Beginning at the top of the data below, restate every line word for word until the line containing "Ja, alle Bilder" has been included, and omit the pictures.
● ● ●
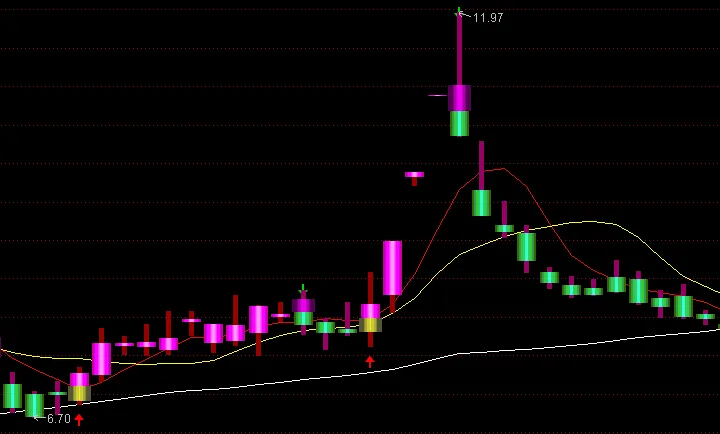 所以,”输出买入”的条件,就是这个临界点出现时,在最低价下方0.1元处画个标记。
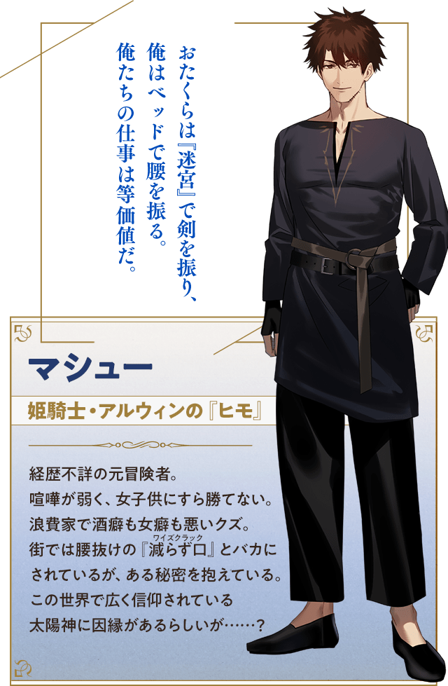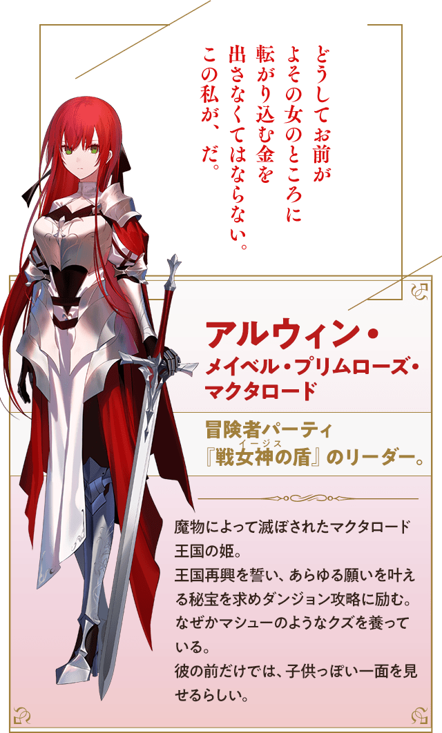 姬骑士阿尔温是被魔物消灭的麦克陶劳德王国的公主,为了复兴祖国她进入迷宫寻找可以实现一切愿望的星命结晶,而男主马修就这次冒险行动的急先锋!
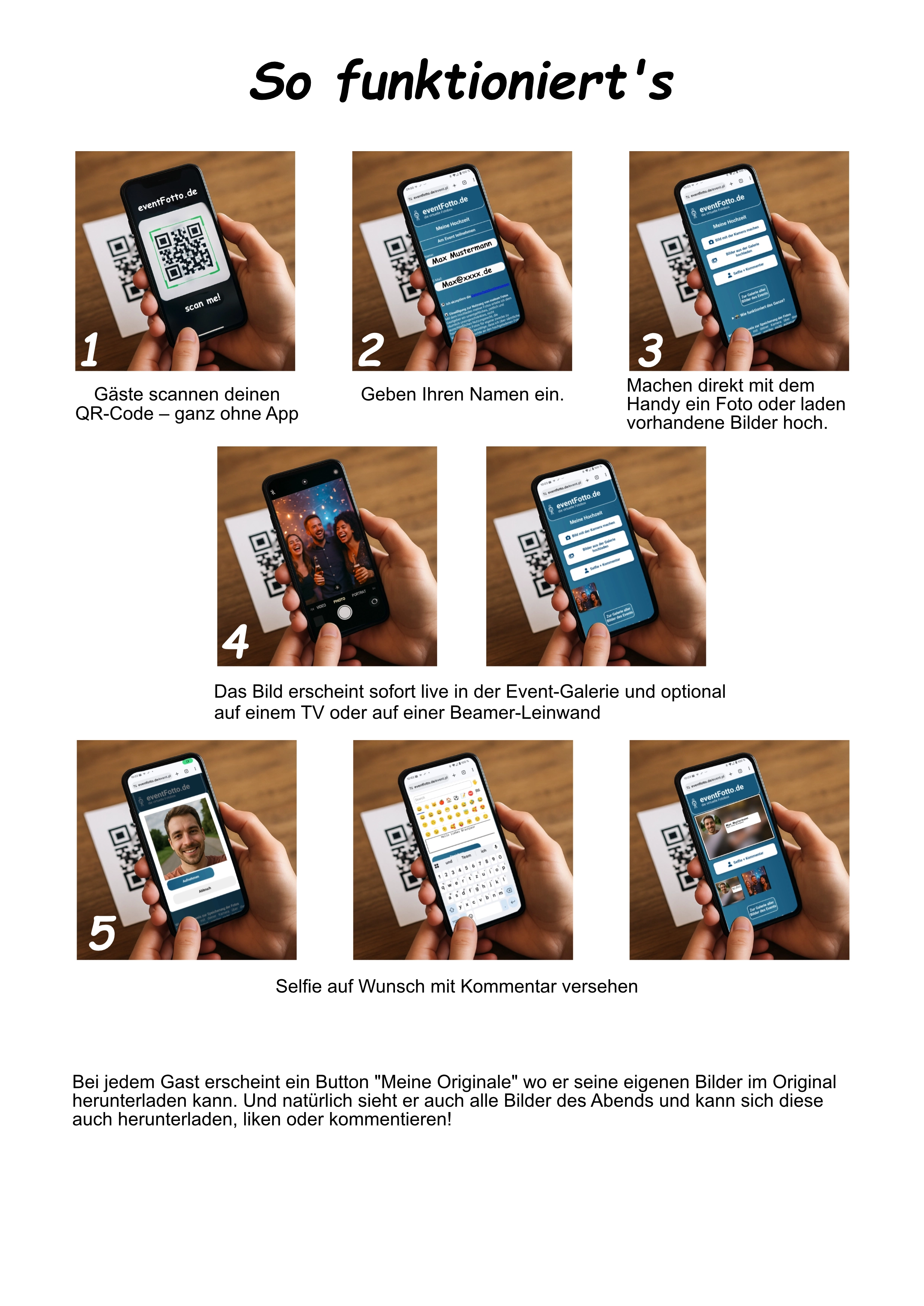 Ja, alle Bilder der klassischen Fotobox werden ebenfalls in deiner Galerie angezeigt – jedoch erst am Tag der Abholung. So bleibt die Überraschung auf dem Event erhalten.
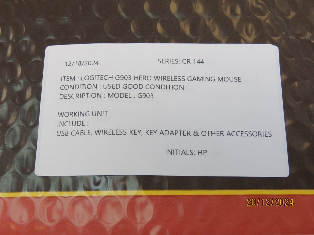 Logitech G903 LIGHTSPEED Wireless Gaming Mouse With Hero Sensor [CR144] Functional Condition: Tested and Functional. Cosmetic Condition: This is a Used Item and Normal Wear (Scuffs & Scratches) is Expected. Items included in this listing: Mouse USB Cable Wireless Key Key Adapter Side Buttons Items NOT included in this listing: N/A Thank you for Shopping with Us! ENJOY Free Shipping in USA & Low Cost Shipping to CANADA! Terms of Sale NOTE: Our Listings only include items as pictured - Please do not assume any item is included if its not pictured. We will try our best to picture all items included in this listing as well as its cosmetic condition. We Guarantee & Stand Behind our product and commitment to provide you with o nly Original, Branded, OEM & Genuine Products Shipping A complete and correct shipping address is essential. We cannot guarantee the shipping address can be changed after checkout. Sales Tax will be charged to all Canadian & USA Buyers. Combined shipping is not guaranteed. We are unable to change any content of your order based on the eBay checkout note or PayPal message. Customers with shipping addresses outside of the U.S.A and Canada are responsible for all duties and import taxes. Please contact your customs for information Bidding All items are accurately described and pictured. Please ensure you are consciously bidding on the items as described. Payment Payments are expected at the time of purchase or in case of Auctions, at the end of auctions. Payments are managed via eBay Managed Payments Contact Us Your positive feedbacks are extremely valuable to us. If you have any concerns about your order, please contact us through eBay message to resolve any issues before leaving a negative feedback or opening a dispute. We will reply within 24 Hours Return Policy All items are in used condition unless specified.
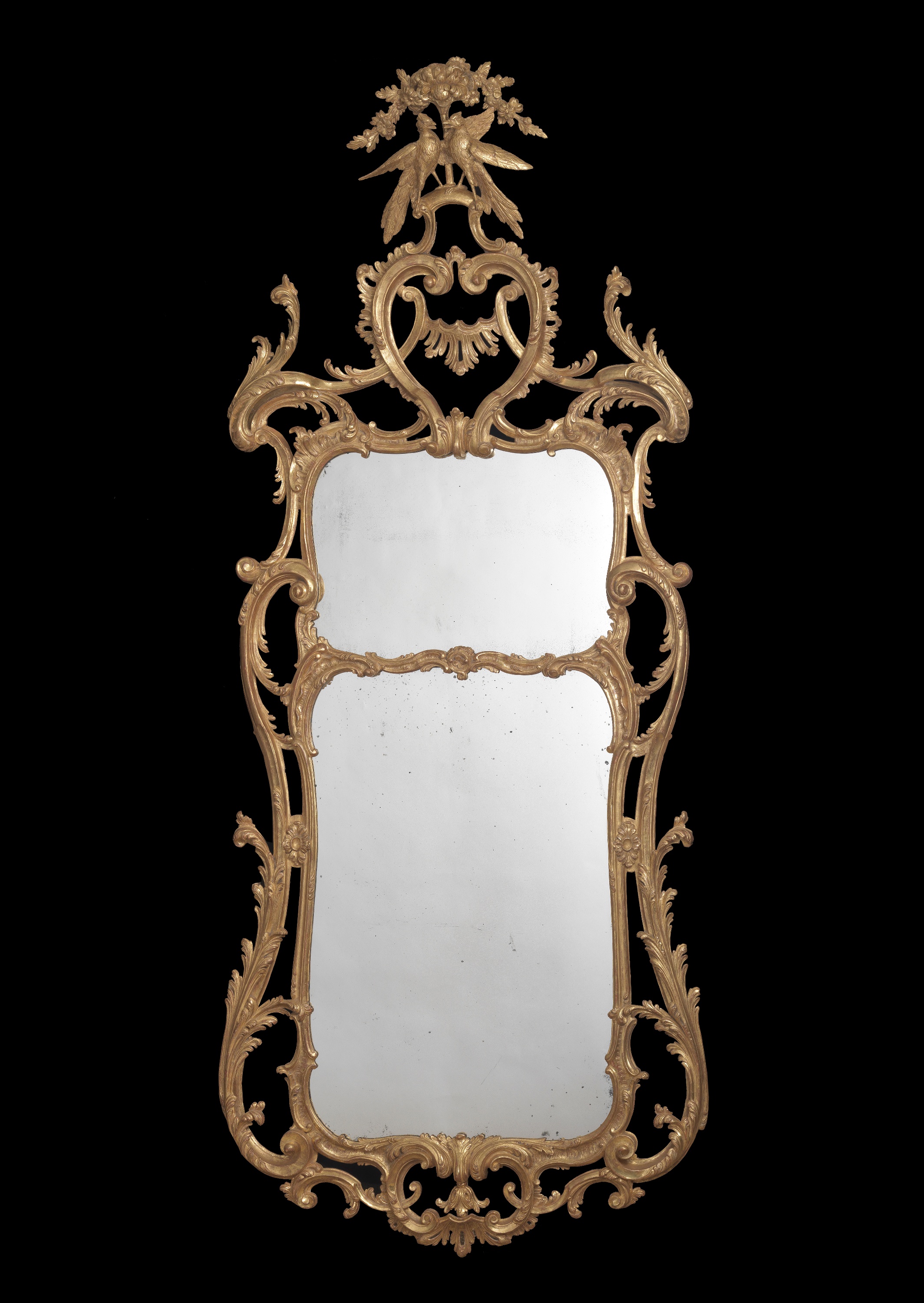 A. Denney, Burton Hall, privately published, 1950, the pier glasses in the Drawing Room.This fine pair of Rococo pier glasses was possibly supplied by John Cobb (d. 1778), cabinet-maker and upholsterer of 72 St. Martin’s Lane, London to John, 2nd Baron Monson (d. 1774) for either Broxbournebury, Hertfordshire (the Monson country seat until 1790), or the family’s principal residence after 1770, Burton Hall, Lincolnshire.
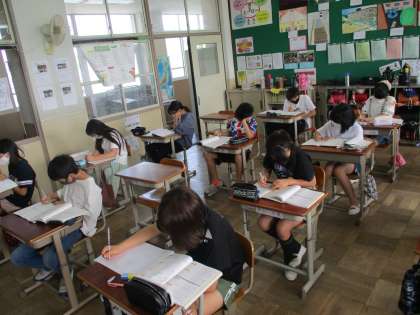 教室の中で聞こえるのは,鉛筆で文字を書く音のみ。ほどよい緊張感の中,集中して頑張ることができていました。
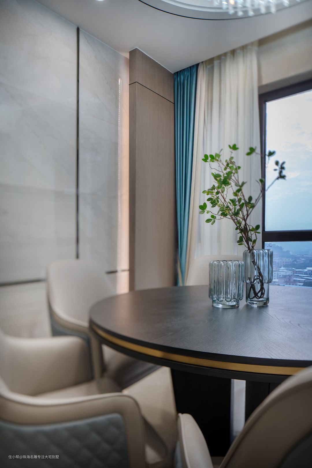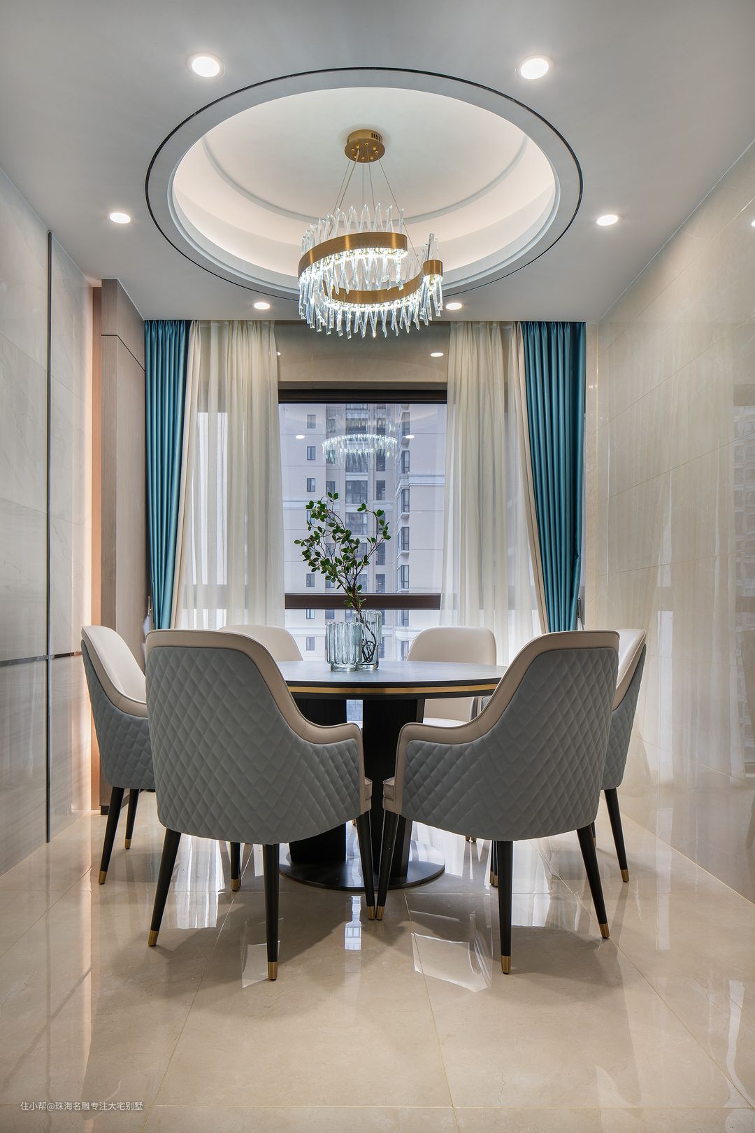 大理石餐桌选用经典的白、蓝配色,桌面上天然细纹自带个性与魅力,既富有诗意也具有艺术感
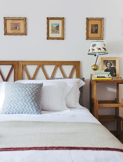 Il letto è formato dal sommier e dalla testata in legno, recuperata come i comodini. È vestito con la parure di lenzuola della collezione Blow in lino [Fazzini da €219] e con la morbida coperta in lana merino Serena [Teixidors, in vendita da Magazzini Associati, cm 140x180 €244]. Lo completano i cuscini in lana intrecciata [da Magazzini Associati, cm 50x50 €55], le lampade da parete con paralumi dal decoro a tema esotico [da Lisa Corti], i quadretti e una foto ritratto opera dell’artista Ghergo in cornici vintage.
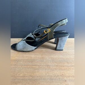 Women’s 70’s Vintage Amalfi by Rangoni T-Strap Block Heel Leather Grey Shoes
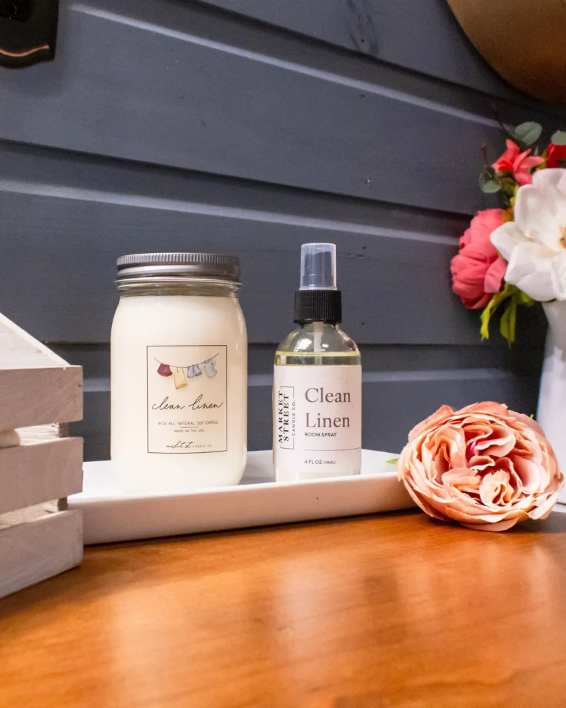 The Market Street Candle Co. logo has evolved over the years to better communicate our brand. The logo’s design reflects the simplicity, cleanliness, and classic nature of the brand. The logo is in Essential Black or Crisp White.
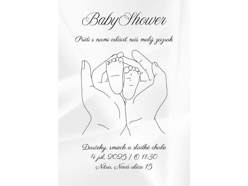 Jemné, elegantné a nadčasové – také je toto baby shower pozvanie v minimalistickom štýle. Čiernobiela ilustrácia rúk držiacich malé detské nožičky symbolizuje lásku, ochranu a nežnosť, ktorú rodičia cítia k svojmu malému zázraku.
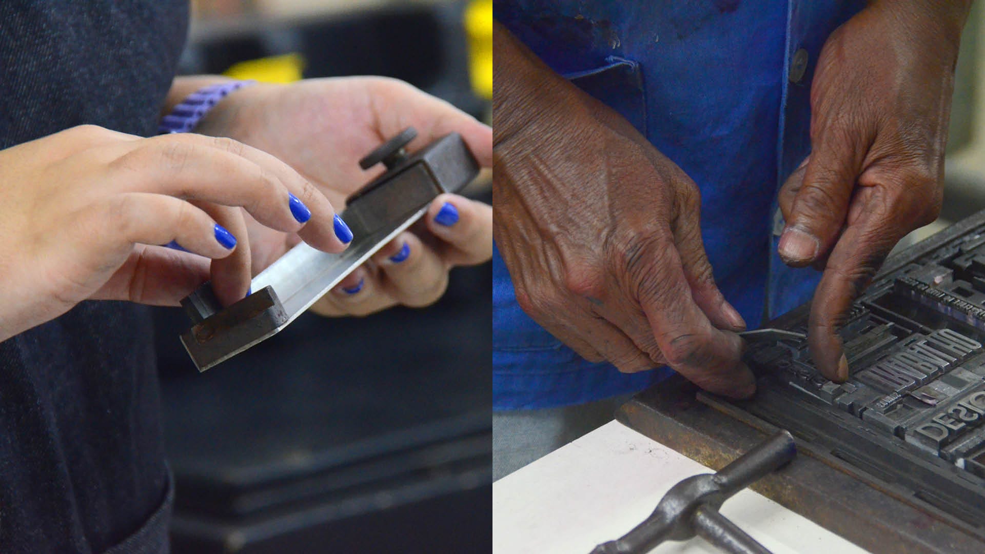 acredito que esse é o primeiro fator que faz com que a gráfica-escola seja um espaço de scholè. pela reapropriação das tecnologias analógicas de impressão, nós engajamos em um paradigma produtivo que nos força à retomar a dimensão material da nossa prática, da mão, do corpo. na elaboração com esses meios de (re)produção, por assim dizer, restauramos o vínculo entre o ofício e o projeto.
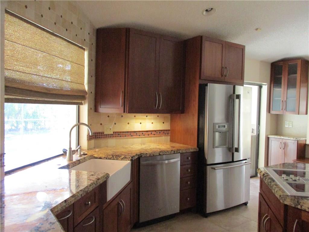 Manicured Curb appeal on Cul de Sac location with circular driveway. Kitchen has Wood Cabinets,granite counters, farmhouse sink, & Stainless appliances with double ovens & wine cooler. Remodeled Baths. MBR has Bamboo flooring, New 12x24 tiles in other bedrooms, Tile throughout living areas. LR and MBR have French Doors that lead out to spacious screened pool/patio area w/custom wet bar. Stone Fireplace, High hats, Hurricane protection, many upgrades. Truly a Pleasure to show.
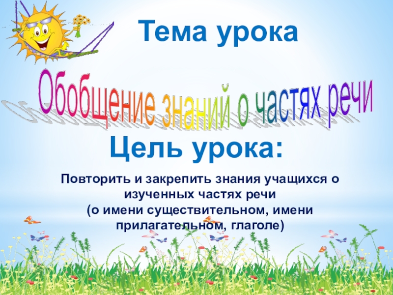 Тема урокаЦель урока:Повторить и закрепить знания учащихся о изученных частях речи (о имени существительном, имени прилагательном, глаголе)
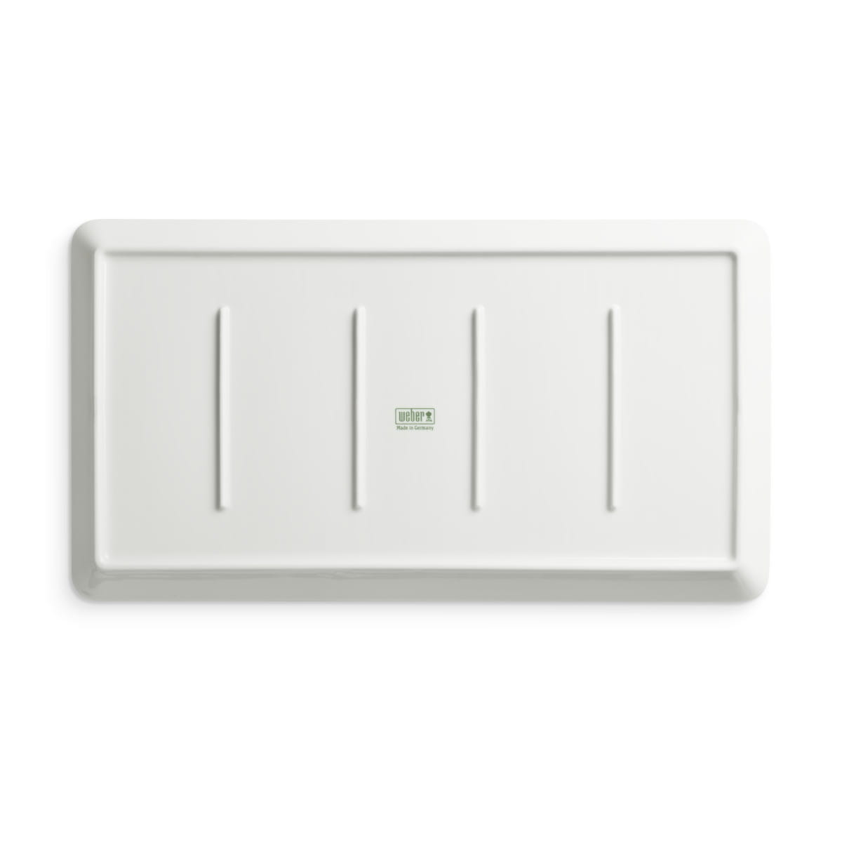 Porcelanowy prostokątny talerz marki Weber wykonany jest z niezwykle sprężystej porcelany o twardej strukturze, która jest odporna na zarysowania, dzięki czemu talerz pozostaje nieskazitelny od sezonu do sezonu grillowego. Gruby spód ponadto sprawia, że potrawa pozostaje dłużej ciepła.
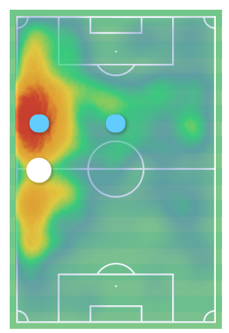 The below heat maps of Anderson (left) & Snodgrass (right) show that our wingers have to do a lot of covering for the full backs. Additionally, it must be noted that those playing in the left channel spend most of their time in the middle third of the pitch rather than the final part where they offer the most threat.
● ● ●
# [Solved exercise]
 所以,”输出买入”的条件,就是这个临界点出现时,在最低价下方0.1元处画个标记。
 姬骑士阿尔温是被魔物消灭的麦克陶劳德王国的公主,为了复兴祖国她进入迷宫寻找可以实现一切愿望的星命结晶,而男主马修就这次冒险行动的急先锋!
 Ja, alle Bilder der klassischen Fotobox werden ebenfalls in deiner Galerie angezeigt – jedoch erst am Tag der Abholung. So bleibt die Überraschung auf dem Event erhalten.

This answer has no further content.